[Start of section]
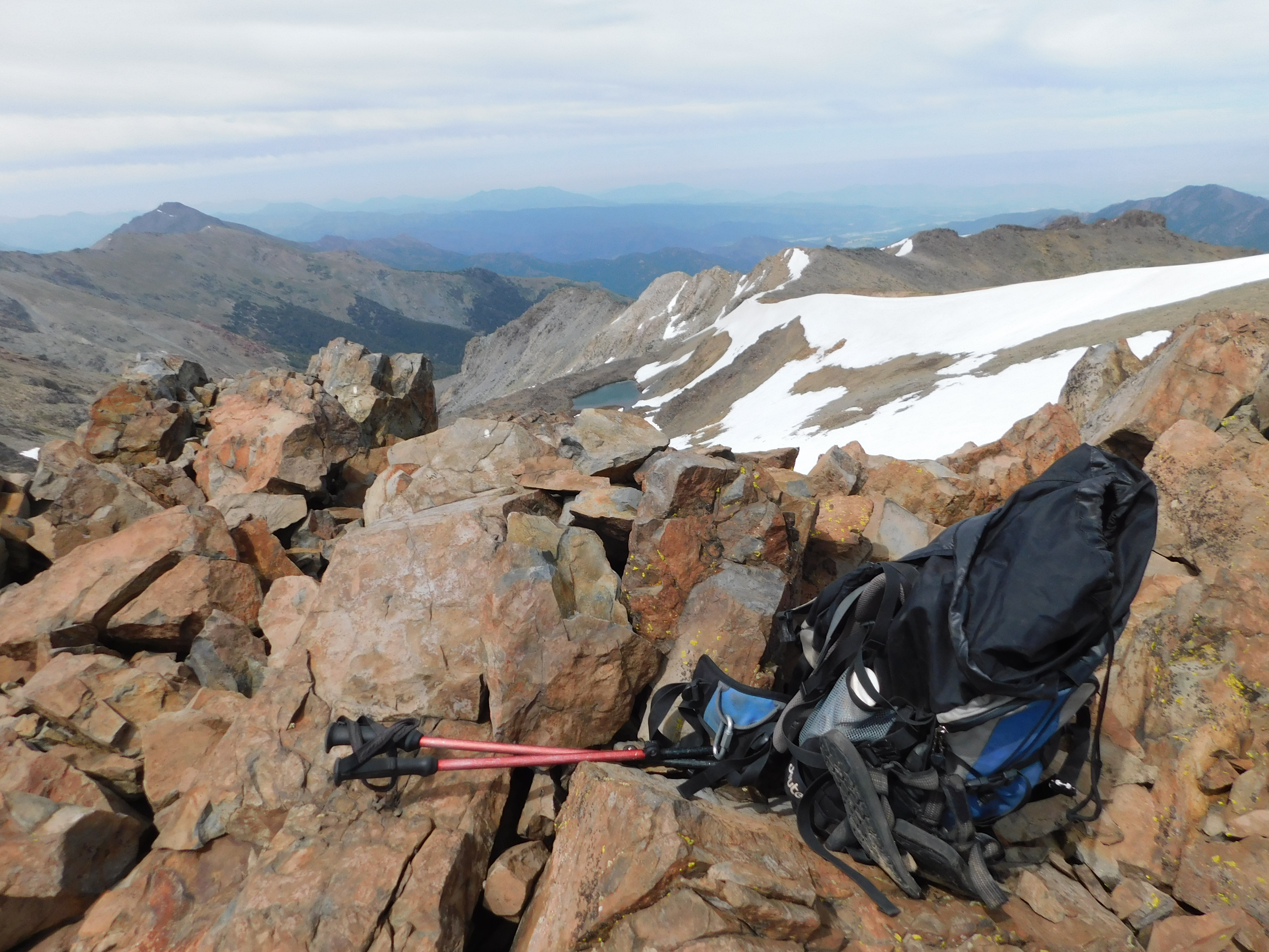 Aprovechando uno de los días más largos del año partí a dar una vuelta que pensé me podía tomar unas 10 horas. Salí del campamento Santa Andrea a los Corrales y de ahí quise seguir a la laguna Fría. No recordaba bien la ruta, así que tomé el filo que hay antes de la laguna y subí por ahí hacia el cerro Zapallo. Poco antes de llegar al portezuelo me desvié a una cumbre que todavía no sé cómo se llama y que queda entre el Zapallo y el Alto de la Plaza. Desde ahí volví al portezuelo y recorrí todas las cumbres del Zapallo. Sigo sin saber cuál es la más alta aunque en la que está más al norte hay un libro de cumbre que está sin anotaciones. Desde la cumbre Sur del Zapallo bajé hacia una laguna sin nombre y desde ahí a la laguna Fría donde paré a almorzar. Luego volví a mi campamento. En total necesité 7h y media para todo el recorrido.
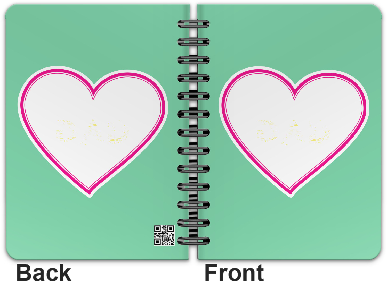 This spiral notebook includes 75 sheets of thick, ruled paper. The front and back of this custom notebook is made of a robust, laminate, plastic covering. We print your personalization on these two panels, underneath a glossy finish, which emphasizes the colors of your design. The two panels and the sheets of paper are held together by a sturdy, black coil. The paper within your bound notebook is perforated for easy, clean tearing.
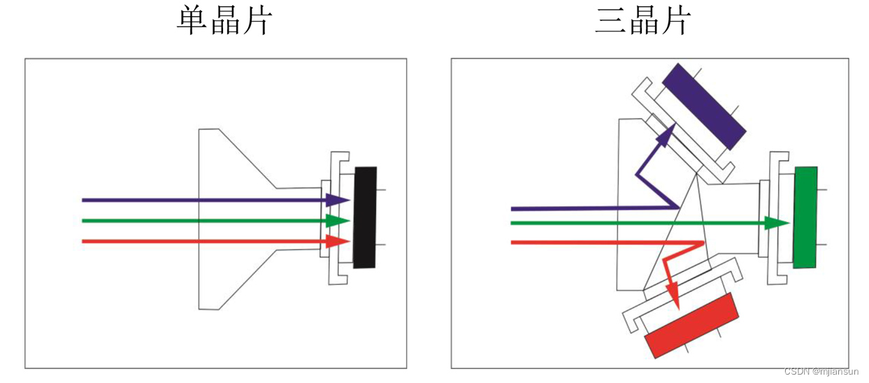 3CMOS是包含3个独立CMOS传感器,每个传感器支配红、绿、蓝(RGB),能够生成分辨率高达1920x1080像素的高清信号的器件。
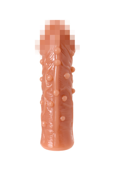 Увеличивающая насадка с фантазийным рельефом в виде пупырышек от KOKOS открывает новые возможности для взаимного удовольствия и воплощает фантазии о внушительном размере пениса. Увеличенный размер и объем полового члена добавляет мужчине уверенности в своих сексуальных возможностях. Дополнительная стимуляция партнерши для яркого и насыщенного оргазма. Увеличение продолжительности полового акта у мужчины - задержка эякуляции, и наращивание темпа приближения оргазма у женщины. Реалистичная насадка на пенис - необходимый элемент для вашей сексуальной игры, если вы хотите максимально удовлетворить свою партнершу и сделать ваш секс незабываемым. Насадка придает дополнительный объем и длину половому члену. Благодаря значительному размеру мощной головки зона G и вход во влагалище получают усиленную стимуляцию. Особенный рельеф в виде мягких пупырышек и многочисленных вен по всему стволу насадки деликатно ласкает чувствительные зоны. Дополнительный объем дарит то самое чувство наполненности, увеличивая поток возбуждения. Мужчина тоже будет ощущать стимуляцию за счет давления стенок влагалища на пенис. Для идеальной посадки по длине пениса используйте губчатую вставку, которая находится внутри насадки, подрезав ее до нужной длины. Не забудьте надеть презерватив в этом случае. В основании есть отверстие для мошонки, с помощью которого вы можете надежно зафиксировать насадку на пенисе и не ограничивать себя в активных движениях. Супер эластичный и нежный материал быстро принимает температуру тела, отлично тянется, сохраняя при этом прочность. Долговечность использования при соблюдении правил хранения и ухода за насадкой.Насадка сделана из высококачественного безвредного для человеческого организма материала, который прошел необходимые тестирования и сертификацию.Рекомендуем использовать до и после применения - дезинфицирующее средство для игрушки, чтобы обеспечить длительное скольжение и комфорт интимных отношений, рекомендуем использовать смазку на водной основе. Для бережного хранения материала пересыпать пудрой для игрушек. Хранить при температуре не выше 35 градусов, избегать попадания прямых солнечных лучей. Перед хранением необходимо хорошо просушить
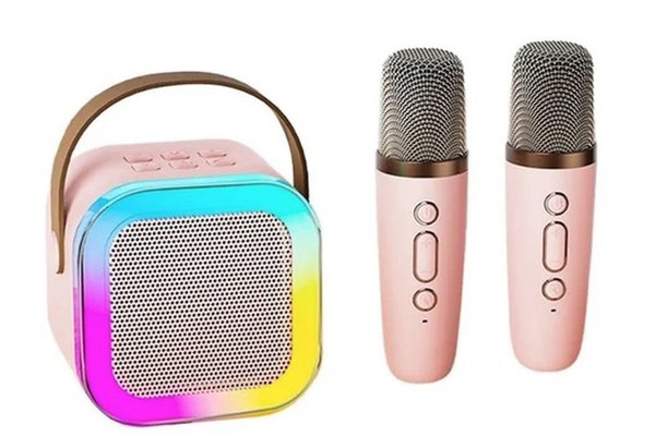 Set 2 microfoane pentru Karaoke cu boxa portabila K12 este soluția perfectă pentru petreceri, evenimente sau pur și simplu pentru distracție în familie în confortul casei tale. Setul boxa portabila si microfoane Karaoke K 12 vei transforma orice loc într-un club de karaoke personal, oferindu-ți și invitaților tăi o experiență de divertisment remarcabilă. Acesta include două microfoane wireless și o boxă portabilă cu funcții avansate de conectare, făcându-l ideal pentru petreceri, evenimente de familie, și sesiuni de karaoke acasă. Potrivit pentru o varietate de utilizări, de la petreceri de copii la evenimente sociale și seri de karaoke. Are un design compact și ușor de transportat, astfel încât să poți aduce muzica oriunde. Cu acest Set 2 Microfoane Karaoke cu boxa portabila este compatibil cu o gamă largă de dispozitive, prin tehnologia bluetooth, inclusiv smartphone-uri, tablete și laptopuri. Caracteristicile generale produsului: Conectivitate: Bluetooth, USB, slot pentru card microSD Sunet: Difuzor de înaltă calitate pentru un sunet clar și puternic Luminile RGB: Creează o atmosferă vibrantă și captivantă Autonomie: Baterie reîncărcabilă cu autonomie de aproximativ 2 ore, perfectă pentru sesiuni lungi de karaoke Design Ergonomic: Ușor de ținut și utilizat pentru perioade lungi Wireless: Permite libertate de mișcare, fără cabluri enervante Comenzi multiple atat pentru boxa cat si pentru microfoane Lumina RGB Putere de 5W Interval frecventa 90Hz – 18Hz Putere incarcare DC 5V Baterie boxa Li-ion 1300mAh Redare sunet AUX, Bluetooth, Card TF(nu este inclus) Posibilitate de a schimba vocile in unele amuzante Autonomie aprox. 2 ore in functie de utilizare Dimenisiuni: Boxa 9 x 9 x 7 cm si Microfon 14 x 2 cm.
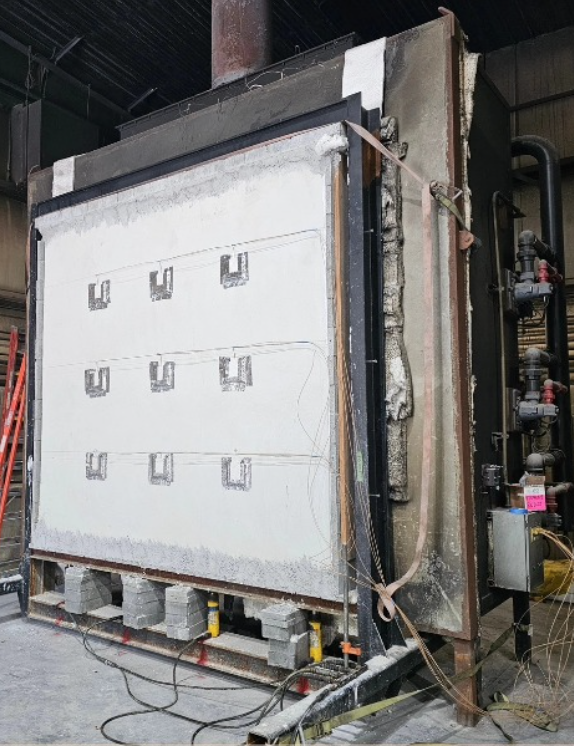 A spray-applied hempcrete wall was subjected to a blistering 1,700-degree Fahrenheit heat test as part of the ASTM E119 fire resistance testing for building materials at York, PA-based Intertek. The 12-inch wide full-scale wall sample was created by PA-based Americhanvre Cast Hemp with the Ereasy Spray Applied system.
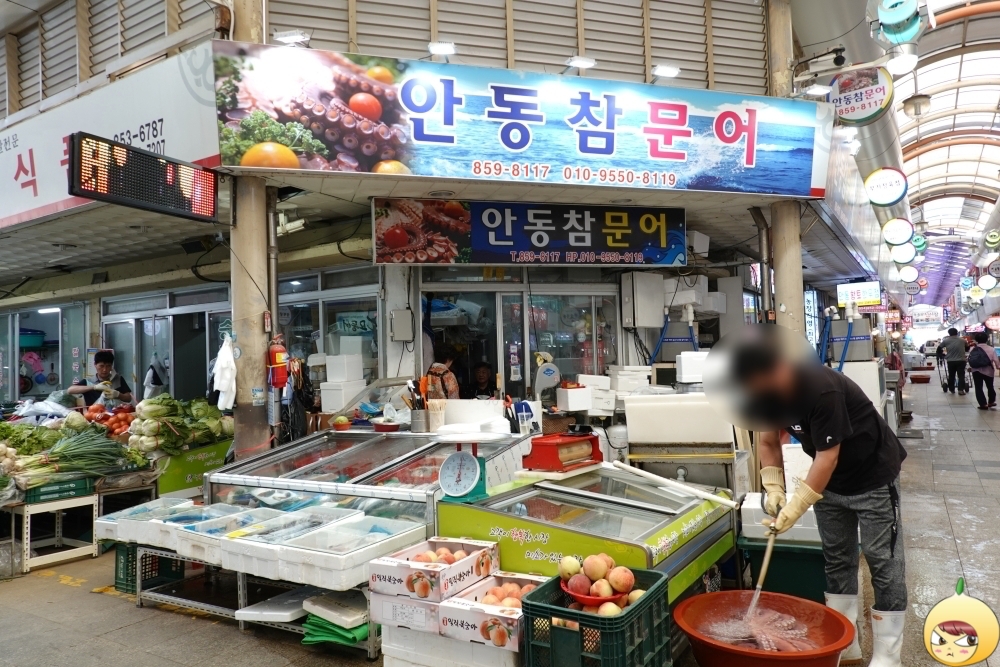안동참문어를 선택한 건, 특별한 이유는 없다. 시장에 들어와서 처음으로 만난 가게였다. 가격 비교도 하면서 여기저기 다녀야 하는데, 간고등어처럼 가격 차이가 거의 없을 거라는 생각에 여기서 걸음을 멈췄다.
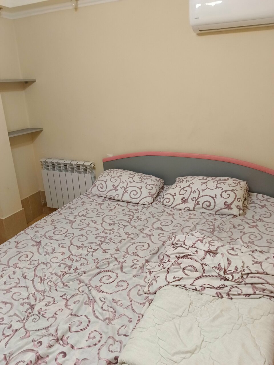 Двуспальная кровать, рабочий стол, телевизор, холодильник, сплит-система. душ, набор полотенец.
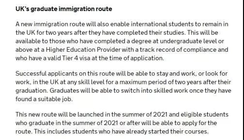 2)对于2021年夏季毕业的留学生们要求在6月21日之前抵达英国,在英国完成最后一学期的学习,则可以申请PSW签证。
[End of section]
_Work instruction_
Going from the line that holds "Двуспальная кровать, рабочий" to the end of the listing above, copy each line exactly and nothing more, leaving pictures aside.

_Result_
 Двуспальная кровать, рабочий стол, телевизор, холодильник, сплит-система. душ, набор полотенец.
 2)对于2021年夏季毕业的留学生们要求在6月21日之前抵达英国,在英国完成最后一学期的学习,则可以申请PSW签证。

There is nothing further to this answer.